Older people ‘need alternatives’ to digital services as research shows one in four live offline
Charity calls for more service options as ONS data shows a significant proportion of over-65s do not use the internet
Many older people use the internet rarely or not at all, meaning that online-only public services are likely to exclude some of society’s most vulnerable.
Annual research by the Office for National Statistics released this month found that 24% of those aged 65 and above have not used the internet in the last three months. Just 61% use it daily or almost every day, compared with 99% of those aged 16 to 44, according to data from telephone surveys of 3,076 people in Great Britain carried out between January and April 2019.
The research also found that a quarter of older people living alone are offline. Overall, 93% of households have an internet connection, but this falls to 73% for households consisting of one person aged at least 65. The gap was smaller for households of two adults with at least one aged 65 and above, with 89% connected.

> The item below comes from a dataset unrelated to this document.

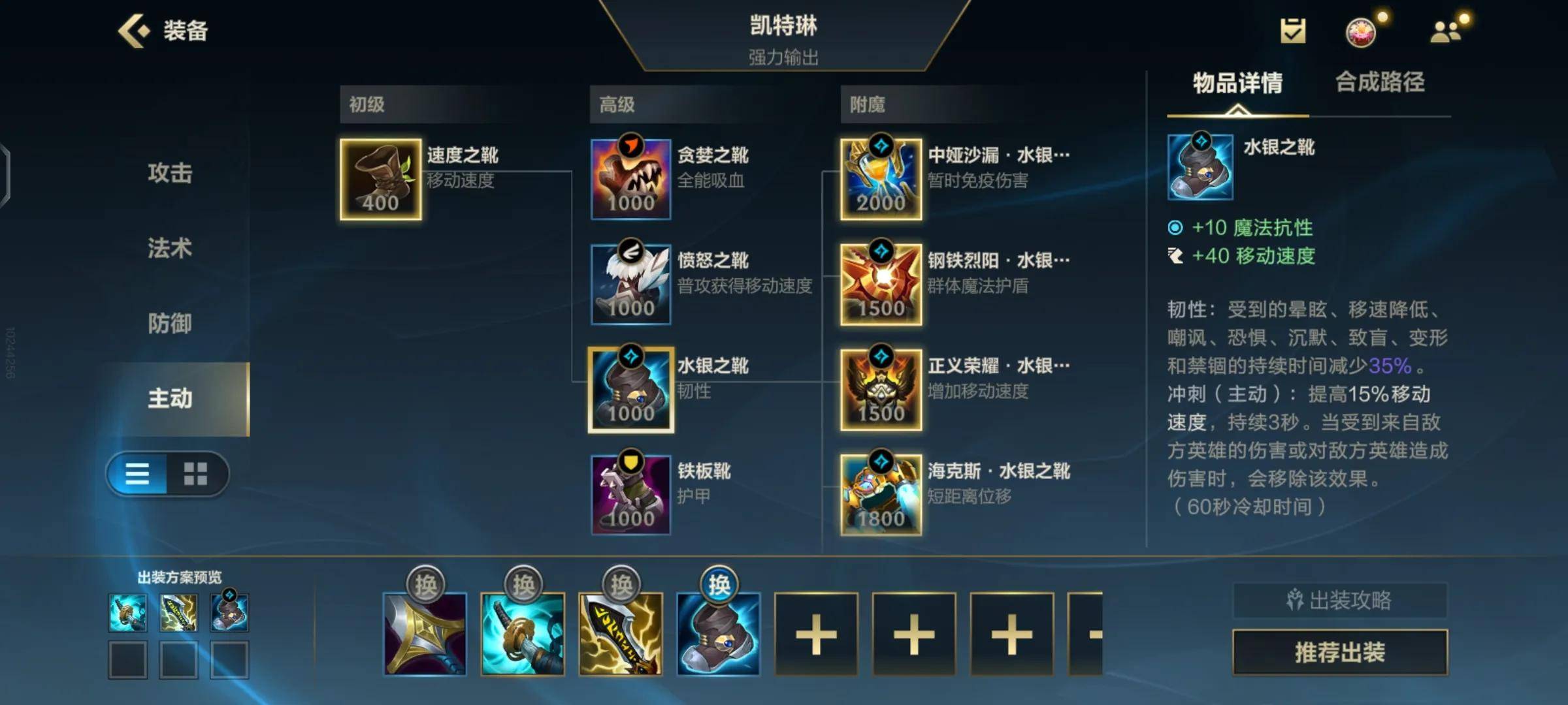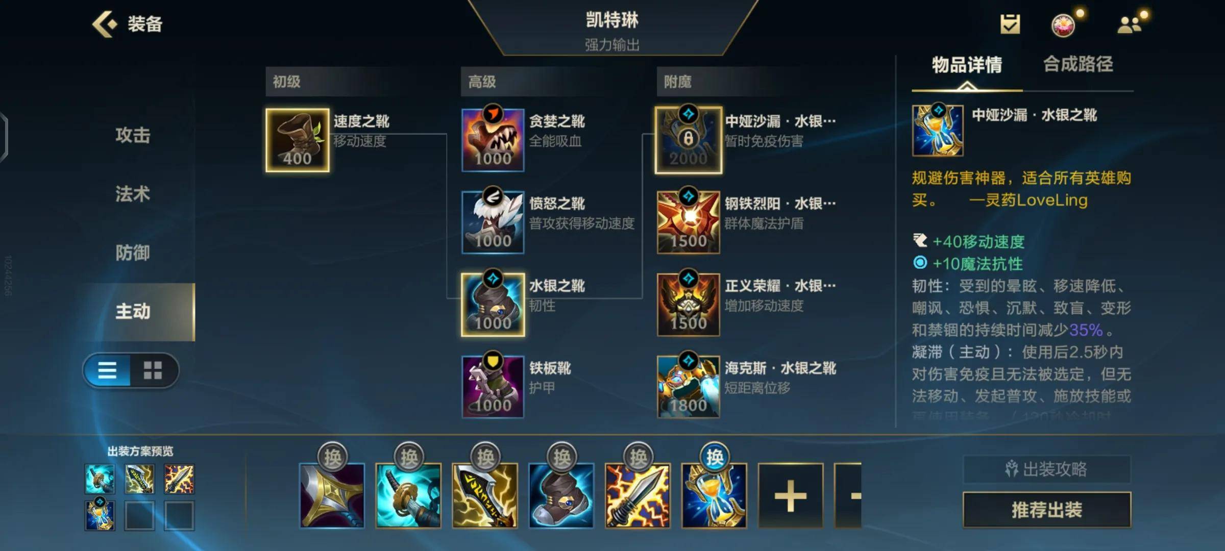 但是不排除对方阵容控制过多,这个时候我们就要适当的选择水银鞋。

The majority of women aged 75 and older live offline, according to separate ONS research released in May and based on research with 41,000 households carried out between January and March this year. It found that just 41% of women in this age group had used the internet in the last three months, compared with 54% of men.
“We feel that public services need to offer a suitable alternative [to online channels], which might be a paper form, telephone or face to face, looking at the population and preferences within the client group,” said Sally West, policy manager at charity Age UK.
But research with 100 English local authorities last year found this was often not the case, with 41 telling the charity that housing benefit and council tax reductions could only be claimed online. The majority offered some assistance, but 14 did not.
West said that training and support can help get older people online. But she added that while it is relatively easy to explain how to stay in touch with family online, interacting with the public sector often requires more complex skills such as awareness of online fraud and knowing how to protect personal data.
“It’s not just a case of going to a couple of classes,” she said.
The new ONS research found that older people were less likely to interact with public authorities online than younger age groups, with just 34% of those aged at least 65 having submitted a completed form to a public authority in the last year, compared with 49% of all adults. There were similar gaps on downloading forms and gathering information from websites.
The research also found that email is the most popular internet activity among those aged 65 and above, with 67% having sent or received messages in the last three months. However, West said that while email is useful for basic enquiries and receiving notifications from public services, it is often suitable for the likes of benefit claims, due to its insecurity.
People with disabilities were also less likely than average to use the internet and use online public services, but the gaps were smaller than those for older people. Of those with a health condition or illness meeting the Equality Act’s definition of disability, 80% had used the internet daily or almost daily and 13% had not in the last three months, compared with 87% and 7% of all adults.
On use of public services, 46% of those defined as disabled had submitted completed forms in the last year, just three percentage points less than the average.